- [Try it] Every line of the material must be restated exactly, though not its pictures.

- [Given information]
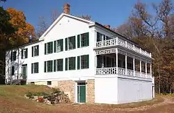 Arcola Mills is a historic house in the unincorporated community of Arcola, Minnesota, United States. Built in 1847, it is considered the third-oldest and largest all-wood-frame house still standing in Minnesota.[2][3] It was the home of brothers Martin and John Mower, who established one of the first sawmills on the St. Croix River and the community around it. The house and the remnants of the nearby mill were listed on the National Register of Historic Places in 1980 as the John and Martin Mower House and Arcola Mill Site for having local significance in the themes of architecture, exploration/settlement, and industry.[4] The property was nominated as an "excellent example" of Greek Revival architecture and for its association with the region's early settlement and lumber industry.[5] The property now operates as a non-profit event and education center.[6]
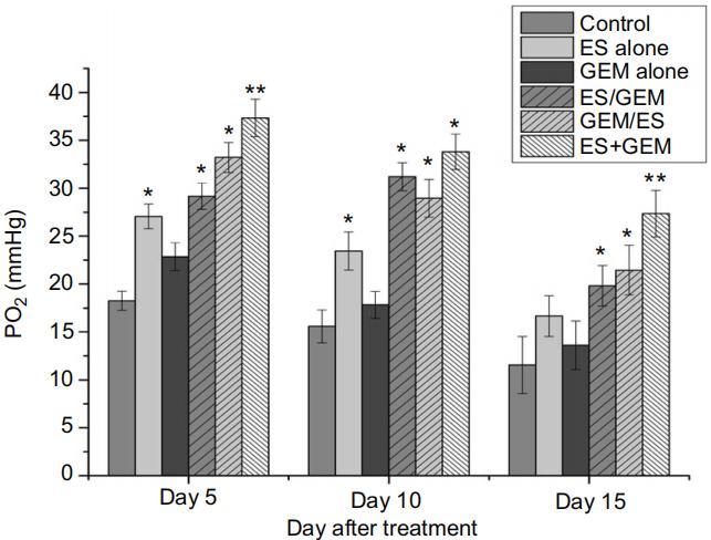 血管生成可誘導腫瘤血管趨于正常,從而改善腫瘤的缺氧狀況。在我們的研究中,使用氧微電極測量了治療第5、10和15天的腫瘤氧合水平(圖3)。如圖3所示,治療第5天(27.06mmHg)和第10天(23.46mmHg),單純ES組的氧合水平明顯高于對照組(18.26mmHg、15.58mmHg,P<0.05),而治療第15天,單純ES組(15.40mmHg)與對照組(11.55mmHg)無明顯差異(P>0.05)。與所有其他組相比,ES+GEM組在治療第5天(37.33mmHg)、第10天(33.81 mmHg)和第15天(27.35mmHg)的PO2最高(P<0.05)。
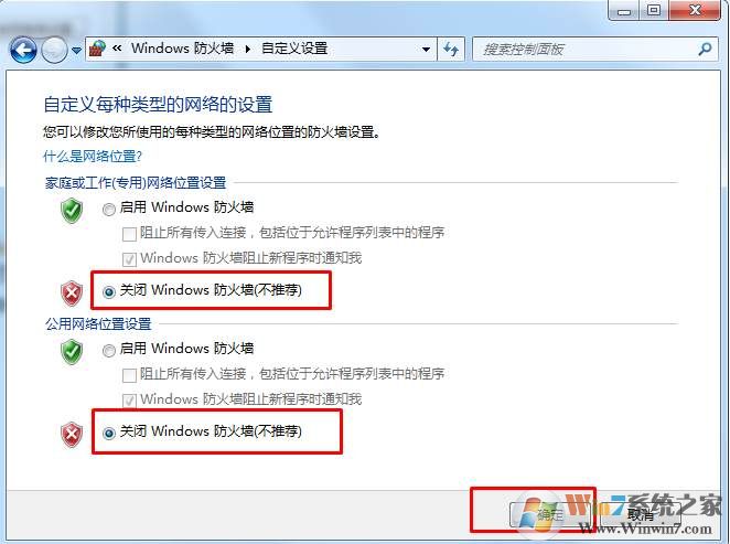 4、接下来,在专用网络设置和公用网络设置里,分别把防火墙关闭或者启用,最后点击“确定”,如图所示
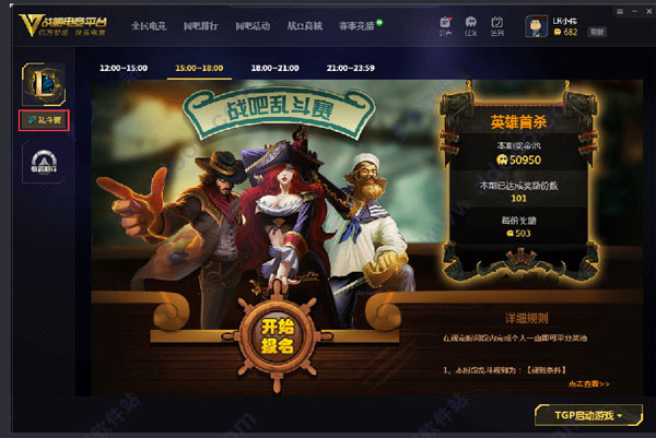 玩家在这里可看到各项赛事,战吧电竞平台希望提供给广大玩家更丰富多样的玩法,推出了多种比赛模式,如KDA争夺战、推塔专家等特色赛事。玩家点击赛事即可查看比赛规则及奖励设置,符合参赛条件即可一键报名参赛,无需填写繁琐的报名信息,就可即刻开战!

- [Task answer]
 Arcola Mills is a historic house in the unincorporated community of Arcola, Minnesota, United States. Built in 1847, it is considered the third-oldest and largest all-wood-frame house still standing in Minnesota.[2][3] It was the home of brothers Martin and John Mower, who established one of the first sawmills on the St. Croix River and the community around it. The house and the remnants of the nearby mill were listed on the National Register of Historic Places in 1980 as the John and Martin Mower House and Arcola Mill Site for having local significance in the themes of architecture, exploration/settlement, and industry.[4] The property was nominated as an "excellent example" of Greek Revival architecture and for its association with the region's early settlement and lumber industry.[5] The property now operates as a non-profit event and education center.[6]
 血管生成可誘導腫瘤血管趨于正常,從而改善腫瘤的缺氧狀況。在我們的研究中,使用氧微電極測量了治療第5、10和15天的腫瘤氧合水平(圖3)。如圖3所示,治療第5天(27.06mmHg)和第10天(23.46mmHg),單純ES組的氧合水平明顯高于對照組(18.26mmHg、15.58mmHg,P<0.05),而治療第15天,單純ES組(15.40mmHg)與對照組(11.55mmHg)無明顯差異(P>0.05)。與所有其他組相比,ES+GEM組在治療第5天(37.33mmHg)、第10天(33.81 mmHg)和第15天(27.35mmHg)的PO2最高(P<0.05)。
 4、接下来,在专用网络设置和公用网络设置里,分别把防火墙关闭或者启用,最后点击“确定”,如图所示
 玩家在这里可看到各项赛事,战吧电竞平台希望提供给广大玩家更丰富多样的玩法,推出了多种比赛模式,如KDA争夺战、推塔专家等特色赛事。玩家点击赛事即可查看比赛规则及奖励设置,符合参赛条件即可一键报名参赛,无需填写繁琐的报名信息,就可即刻开战!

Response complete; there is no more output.